What is CZR?
From 1 April 2011 it became compulsory for certain land transactions to be compulsory zero rated (CZR). This means that GST will be charged at the zero percent. The regime will apply to almost all transactions involving land that are made between GST registered parties. There are some limited exclusions.
It is clear that the transfer of land itself or any interest in land is caught by the new regime. It will also cover any rights that give rise to an interest in land, an option to acquire land and shares in a flat owning company. It does not include the transfer of a mortgage. It will only catch commercial leases where more than 25% of the total rent is paid up front. If payment is made in this way a lease will be caught by the CZR regime.
When is CZR assessed?
We are used to the GST assessment of the transaction being made as at the time of supply. Under the CZR it will be assessed again at the settlement date. It will be extremely important to consider any changes in the intervening period carefully to determine that GST is properly dealt with. The addendum that has been prepared by ADLS/REINZ for use for the standard agreement for sale and purchase is simply a base line document. It is not intended to cover all circumstances.
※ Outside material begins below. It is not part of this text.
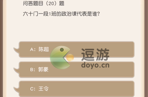 2.问题:六十门一段1班政治课代表是谁?

The Purchaser’s Statement/Addendum
Importantly, the GST tax treatment of these transactions is now determined based primarily on the purchaser’s intentions at settlement. The purchaser is required to provide a statement in writing to the vendor where CZR applies. The statement must say whether at the date of settlement:
- They are or expect to be a registered person;
- That they are acquiring the land with the intention of using it for making taxable supplies at settlement;
- That they do not intend to use the land as a principal place of residence.
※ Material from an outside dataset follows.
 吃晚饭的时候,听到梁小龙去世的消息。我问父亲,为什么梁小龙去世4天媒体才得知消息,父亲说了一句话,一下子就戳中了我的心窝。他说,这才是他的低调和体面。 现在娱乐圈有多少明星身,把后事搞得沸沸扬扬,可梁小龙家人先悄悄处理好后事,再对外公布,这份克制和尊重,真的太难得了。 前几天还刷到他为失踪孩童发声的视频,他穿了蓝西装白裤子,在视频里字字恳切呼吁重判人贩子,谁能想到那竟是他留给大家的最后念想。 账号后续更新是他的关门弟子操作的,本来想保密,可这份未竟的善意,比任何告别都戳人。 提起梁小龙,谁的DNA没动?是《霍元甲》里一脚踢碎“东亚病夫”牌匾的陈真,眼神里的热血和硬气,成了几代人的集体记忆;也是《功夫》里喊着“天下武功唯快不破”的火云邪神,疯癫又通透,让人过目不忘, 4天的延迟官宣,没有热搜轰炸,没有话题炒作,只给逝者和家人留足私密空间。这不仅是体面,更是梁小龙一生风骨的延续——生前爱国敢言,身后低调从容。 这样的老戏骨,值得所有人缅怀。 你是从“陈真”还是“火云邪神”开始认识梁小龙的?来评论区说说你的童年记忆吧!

The addendum has been created by ADLS/REINZ for use in the standard form agreement for sale and purchase includes each of these statements.
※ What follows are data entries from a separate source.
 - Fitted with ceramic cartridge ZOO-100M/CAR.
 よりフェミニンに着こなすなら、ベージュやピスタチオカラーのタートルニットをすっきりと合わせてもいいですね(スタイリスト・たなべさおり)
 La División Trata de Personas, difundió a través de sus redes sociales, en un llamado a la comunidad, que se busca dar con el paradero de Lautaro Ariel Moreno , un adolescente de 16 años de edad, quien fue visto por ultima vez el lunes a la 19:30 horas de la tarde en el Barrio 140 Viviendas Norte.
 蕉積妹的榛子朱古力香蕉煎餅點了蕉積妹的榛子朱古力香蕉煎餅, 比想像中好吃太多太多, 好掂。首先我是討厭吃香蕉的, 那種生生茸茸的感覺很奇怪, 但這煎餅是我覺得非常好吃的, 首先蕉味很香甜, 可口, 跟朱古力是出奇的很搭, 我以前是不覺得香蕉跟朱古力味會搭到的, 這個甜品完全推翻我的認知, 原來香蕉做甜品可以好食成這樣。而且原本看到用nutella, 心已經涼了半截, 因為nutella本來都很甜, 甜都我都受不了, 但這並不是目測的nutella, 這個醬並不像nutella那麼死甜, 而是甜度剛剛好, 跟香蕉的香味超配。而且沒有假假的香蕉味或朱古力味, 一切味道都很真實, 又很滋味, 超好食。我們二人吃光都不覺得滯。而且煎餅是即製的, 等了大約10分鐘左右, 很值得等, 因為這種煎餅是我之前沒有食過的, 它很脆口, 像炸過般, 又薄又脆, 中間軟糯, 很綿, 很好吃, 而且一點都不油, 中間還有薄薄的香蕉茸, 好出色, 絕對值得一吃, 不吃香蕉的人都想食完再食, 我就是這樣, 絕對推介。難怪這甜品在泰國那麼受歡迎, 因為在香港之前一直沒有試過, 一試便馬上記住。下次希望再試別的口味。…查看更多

The vendor is entitled to rely on the information provided by the purchaser in determining the tax treatment of the supply.
Nominees will be caught by these new rules. A sale transaction will be treated as a single supply from the vendor to the nominee.
Especially given the prospect of nominees there may be changes in the GST position between the time of signing, the time of supply and the settlement date.
From the vendor’s perspective the best practice will be to make all prices “plus GST” so that, if it transpires that GST is in fact payable to the Inland Revenue Department, the vendor is able to recover the GST from the purchaser. An example would be where a purchaser intending to GST register where it was thought CZR would apply, does not do so before settlement. If the transaction is priced “plus GST” the vendor can collect the GST from the purchaser on settlement. If it is priced “inclusive of GST” the vendor cannot, yet might need to account to the IRD for the GST.